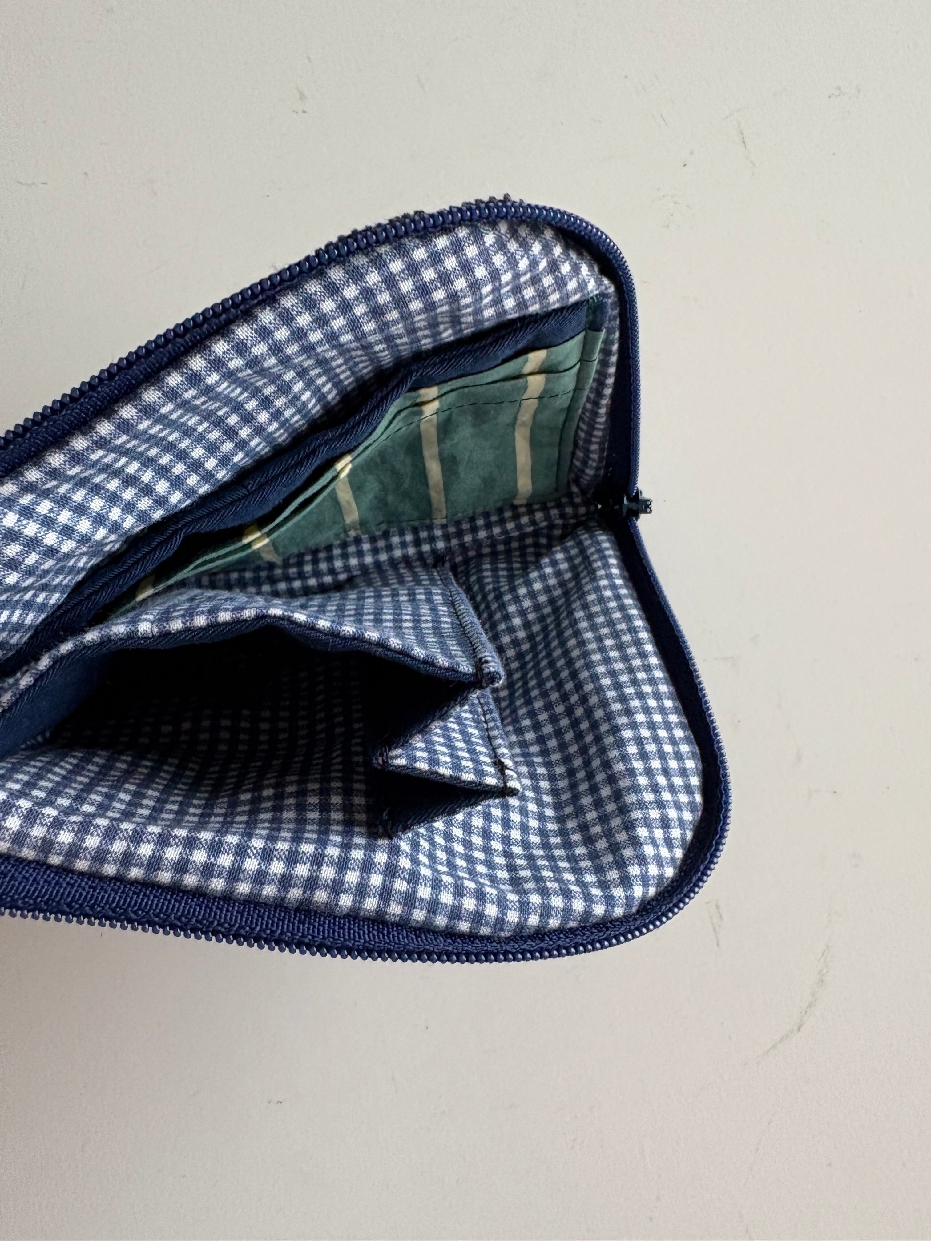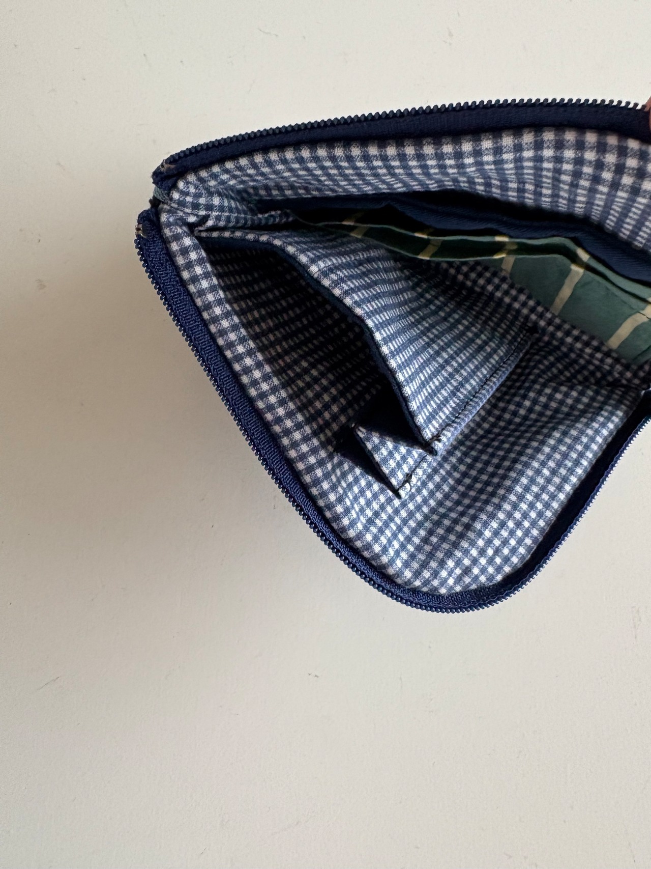 内側はネイビーの細かいギンガムチェックをメインに、デニムに合う雰囲気を意識しました。
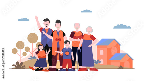 Happy couple in house building with lock, shield and alarm siren, flat vector illustration. Home security burglar alarm system. House protection, safety control.
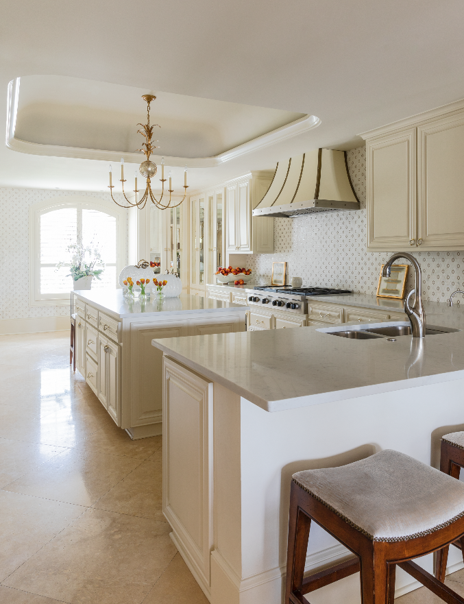 And although the living areas were ample in size, the kitchen felt small and dark. Miller tore out a pantry and a serving bar to reconfigure the area—allowing natural light into the room through an existing window—which increased the size of the kitchen by one-third. Custom marble from Italy serves as the backsplash and extends all the way to the ceiling. New lighting, quartz countertops and hardware complete the refreshed scene. The breakfast area and family room beyond serve as a cozy hangout area for informal gatherings.
● ● ● ● ●
▶ _Task item_
Every line from the start of the material through the line containing "Happy couple in" is needed exactly as written; the pictures are not.

▶ _Result of this task_
 内側はネイビーの細かいギンガムチェックをメインに、デニムに合う雰囲気を意識しました。
 Happy couple in house building with lock, shield and alarm siren, flat vector illustration. Home security burglar alarm system. House protection, safety control.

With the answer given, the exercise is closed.